→ EXERCISE DETAILS: Your reply must contain the full listing below, reproduced exactly, but no pictures.

START RECORDED INFORMATION

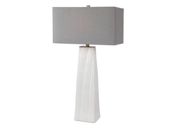 Elegant and versatile, this table lamp features a gloss white ceramic base featuring organic hand carved details and brushed nickel
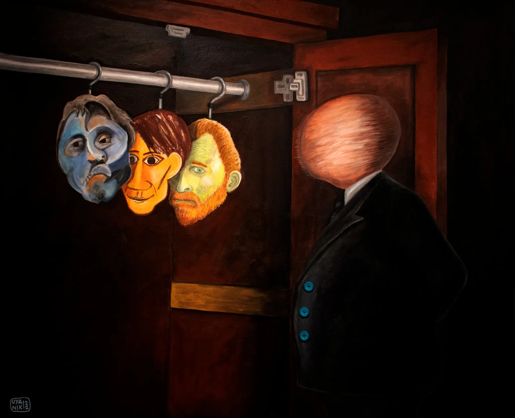 This surrealist work, rendered in a muted color palette of browns and blacks with striking highlights of blue and orange, captures a mysterious narrative. The faceless figure and hanging masks evoke questions about the roles we play and the choices we confront in life.
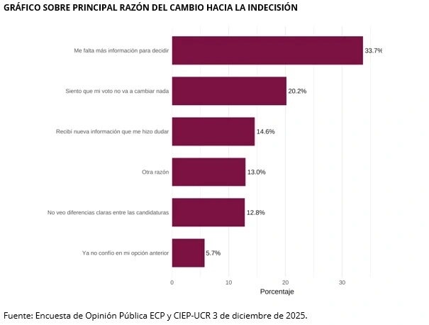 Sin embargo, las personas que dicen haber cambiado el voto, no implica necesariamente que haya escogido otra de las opciones que existen en la papeleta electoral, pues, aunque el 62.3 % dijo que sí se pasó su apoyo hacia otra candidatura, un 37.7 % afirmó no saber todavía por quién votar.
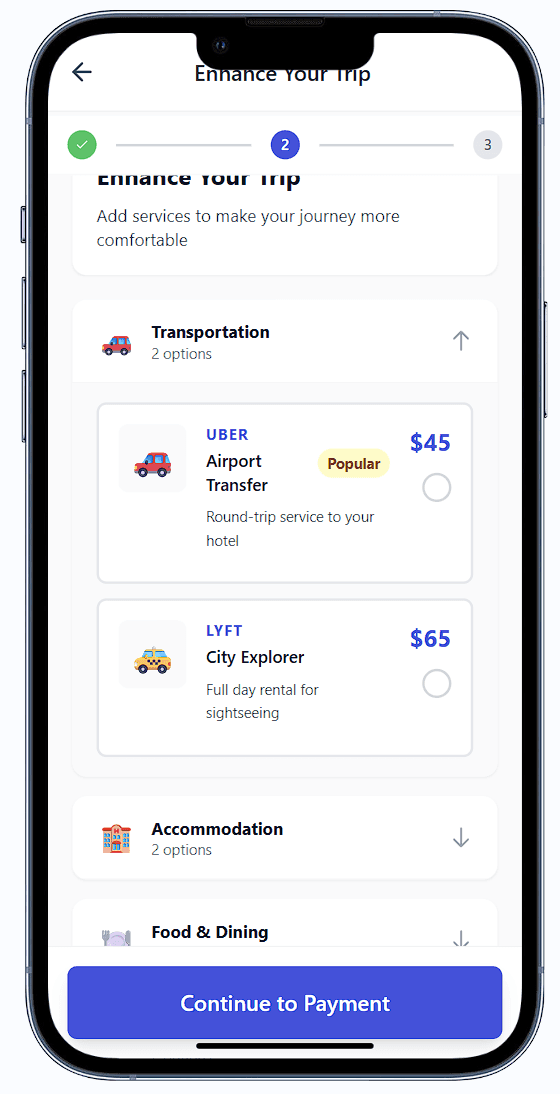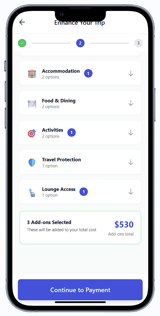 FlexiFly treats checkout as a high-intent moment. Add-ons appear only after users commit to a flight, keeping the core purchase uninterrupted while intent is strongest.

END RECORDED INFORMATION

→ SOLUTION TO THE EXERCISE:
 Elegant and versatile, this table lamp features a gloss white ceramic base featuring organic hand carved details and brushed nickel
 This surrealist work, rendered in a muted color palette of browns and blacks with striking highlights of blue and orange, captures a mysterious narrative. The faceless figure and hanging masks evoke questions about the roles we play and the choices we confront in life.
 Sin embargo, las personas que dicen haber cambiado el voto, no implica necesariamente que haya escogido otra de las opciones que existen en la papeleta electoral, pues, aunque el 62.3 % dijo que sí se pasó su apoyo hacia otra candidatura, un 37.7 % afirmó no saber todavía por quién votar.
 FlexiFly treats checkout as a high-intent moment. Add-ons appear only after users commit to a flight, keeping the core purchase uninterrupted while intent is strongest.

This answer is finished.